When Assumptions Fail Us

Ethical Asset Valuation and the Good Society (Kenneth J. Arrow Lecture Series) by Christian Gollier

Christian Gollier is Vice President of the Toulouse School of Economics in France. He is a recognized scholar on the economics of climate change, having participated in a number of cross-disciplinary studies on that subject, and is regarded as an expert applying macroeconomics to climate change.  And he is an economic modeler, preferring explanations that can be quantified, as the book’s quantitative appendices demonstrate.

This book reviews the application of economic theory to the effects of climate change. The gist of his arguments is laid out in a long introduction. The bulk of the book is a refresher on macroeconomics if you have not been around it in a while – or never.

Gollier is very conflicted about environmental preservation, all of which he addresses as a subset of climate change. He wants to lift the “veil of ignorance” from complex decisions in which values conflict. Our long-term future – decades – is both complex and uncertain, so what economic rationale could enable impartial, rational decision making?

Right away, Gollier starts making assumptions. One is, “We expect future generations to be wealthier,” where wealth is defined in material, measurable terms. He cites research that humans are frequently irrational compared with theoretical models used for decisions, and wants to offset that. Then he assumes that most major decisions affecting climate change are investments. That reduces the issue to factoring new social and environmental values into efficient allocation of capital. Gollier can rate investment criteria. He can model the risks of long-term capital allocation. Voila. He’s back on his home field.

Investing assumes a payback with various degrees of risk. Grollier chews up pages defining a risk-free rate of return, which in practice is the 10-year bond rates of a stable government. I looked up a bunch of them. They range from 0.04% in Japan to 10.35% in Brazil. Grollier’s modeling settles in the vicinity of 2% for a risk-free return.

Next is the issue of a risk premium for investing in environmentally regenerating programs. Similar data manipulation concludes that on top of the 2% risk-free rate, one should add a 2.5% risk premium for “long-lasting investment with financial, social, and environmental impacts.” Ergo, an environmental investment should yield a 4.5% return or better.

Grollier defines uncertainty as “fat tails in risk distributions.” In that case invoke the Precautionary Principle, which he interprets for investment purposes as a discount rate being “infinitely negative over all maturities.” If you can’t quantify risk, postpone all decisions that lead to irreversible consequences. In other words, freeze; do nothing.

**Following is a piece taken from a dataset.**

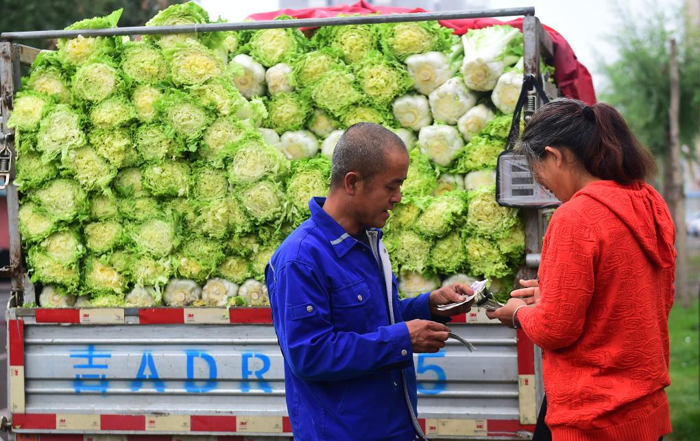 2016年10月3日,在吉林长春民丰大街农产品批发市场,菜农(左)在售卖大白菜。
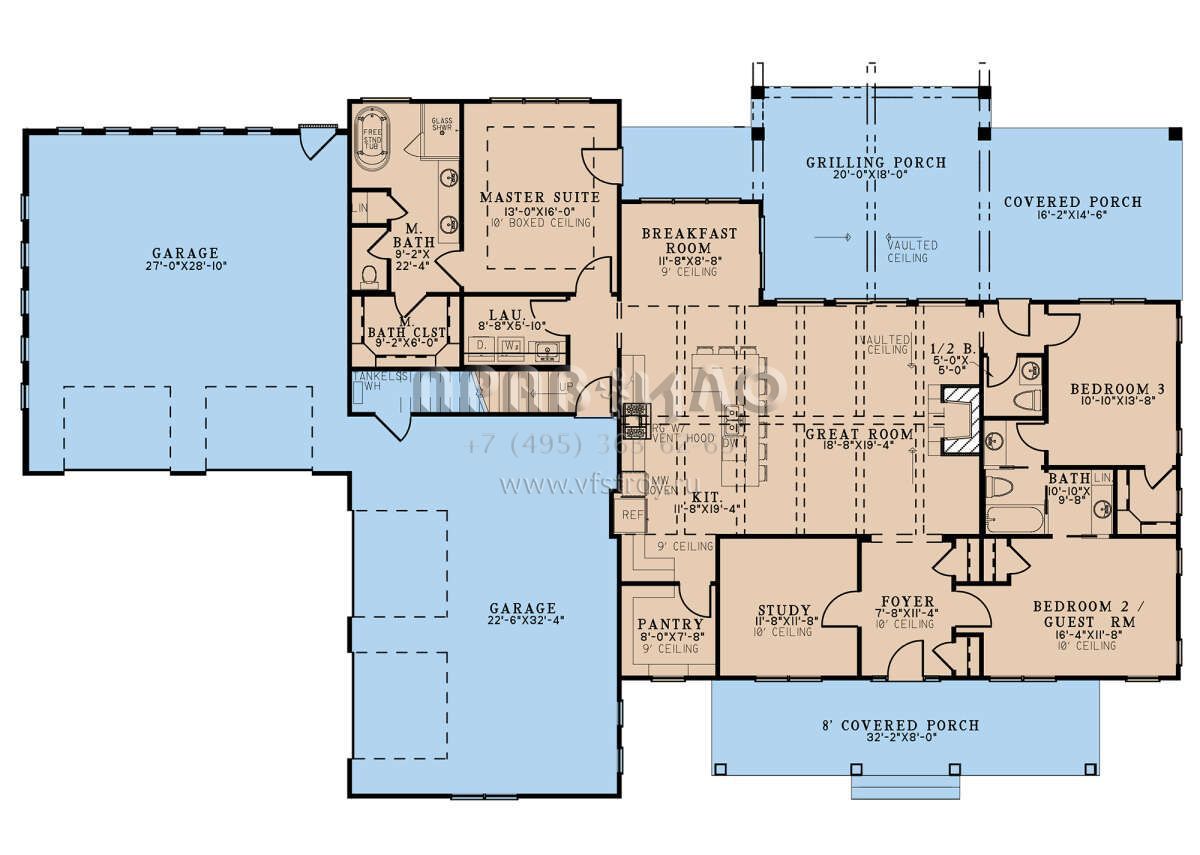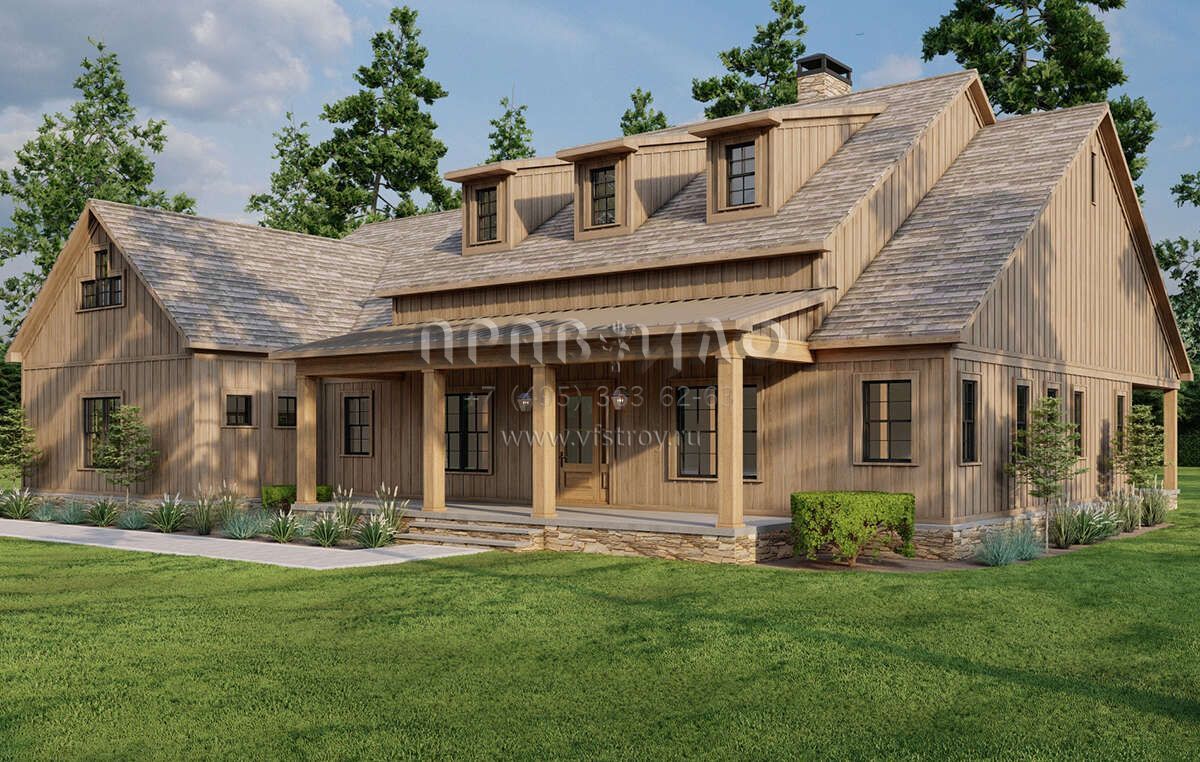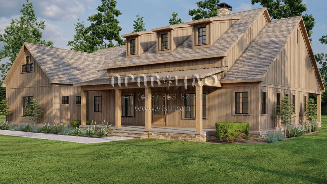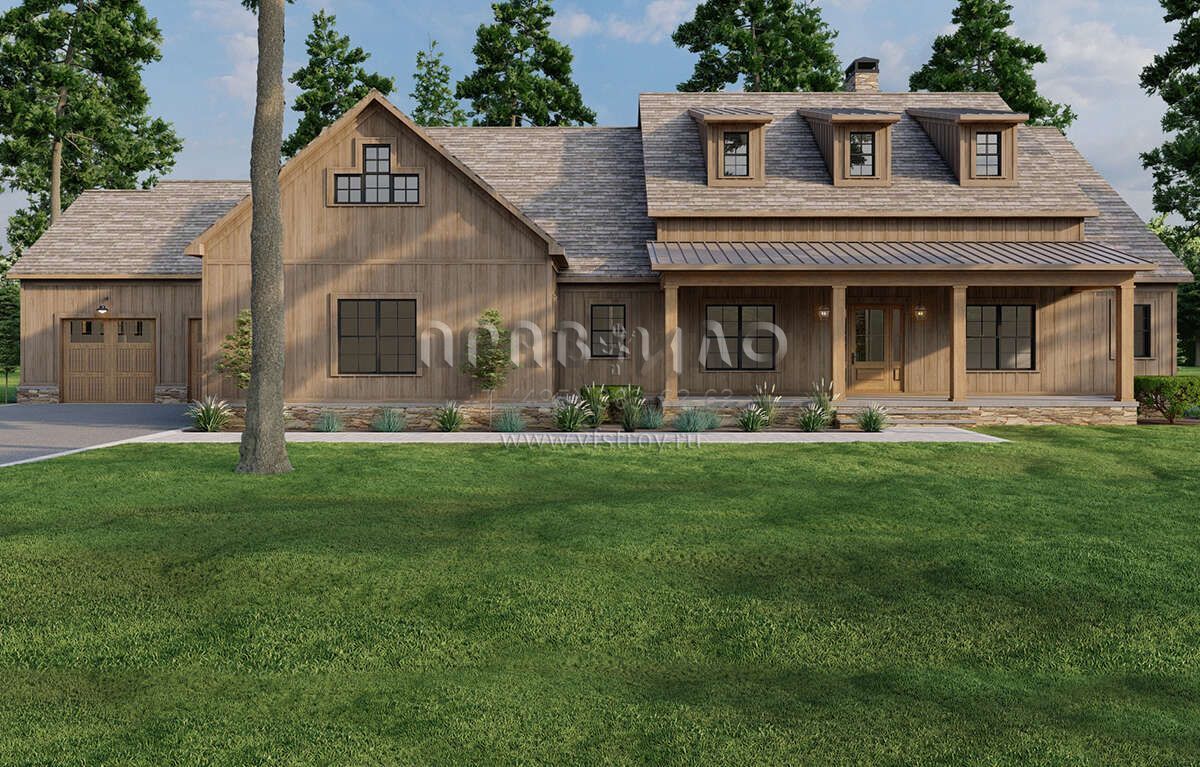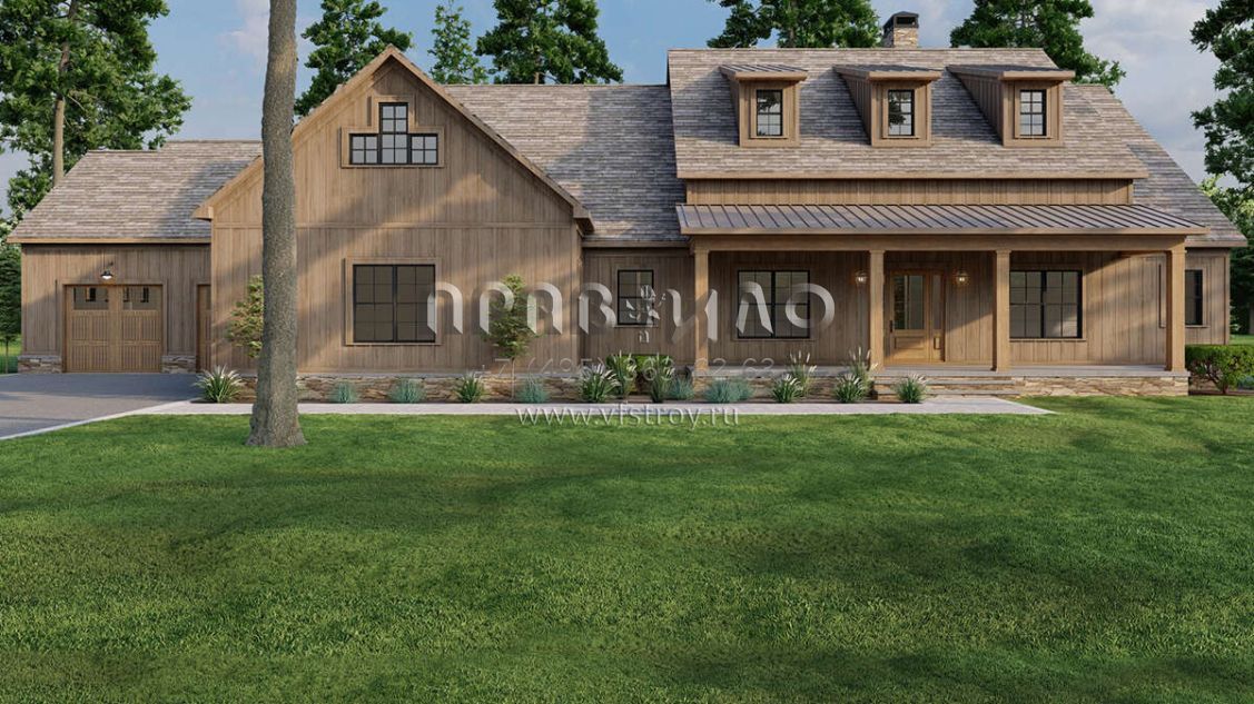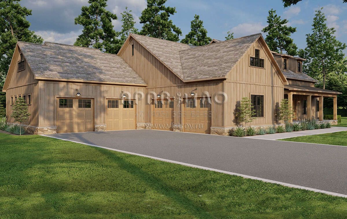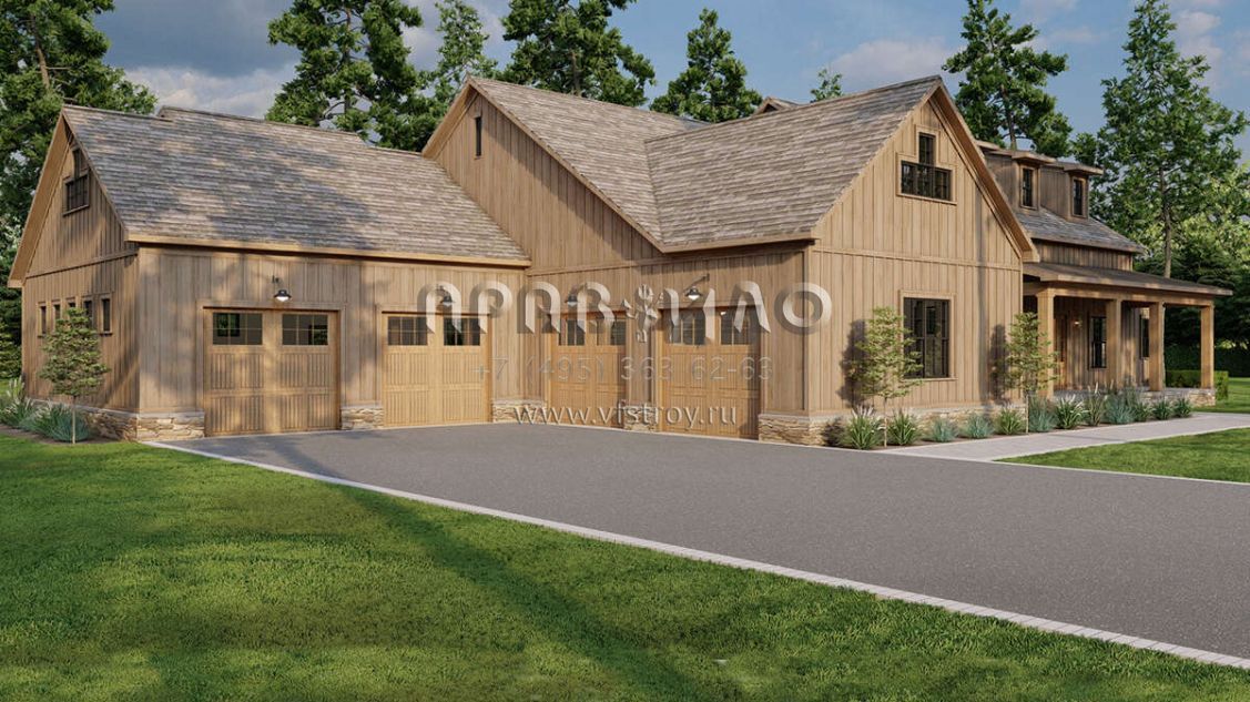 Проект одноэтажного дома с гаражом на три и более машин в стиле Шале S5-202 (8318-00335)

To deep freeze us, Grollier holds that if we rationally interpret the Precautionary Principle in extreme ambiguity, we will assume that any worst-case scenario is certain. Acting on that would lead us to “annihilate scientific and technical innovation.” Therefore the values that we insert into quantitative decision models have to stay outside the deep freeze.

This review has to conclude that Grollier’s models, and most economic models, fall short. They depend on crucial assumptions that economists are reluctant to give up. These assumptions have gone past their use-by date. They wilt even trying to predict glitches in the present economy, and are useless if nature no longer lets the world work the way it once did. Upend those old assumptions and you enter a different world – a different world to live in, and a different world to model.  Maybe we can start with Compression Thinking.

The two books reviewed present an interesting contrast. Ethical Asset Valuation is an attempt to apply old models to rapidly changing circumstances. The Unthinkable is an attempt to discover new insights. As a guide to the future, which one would you pick?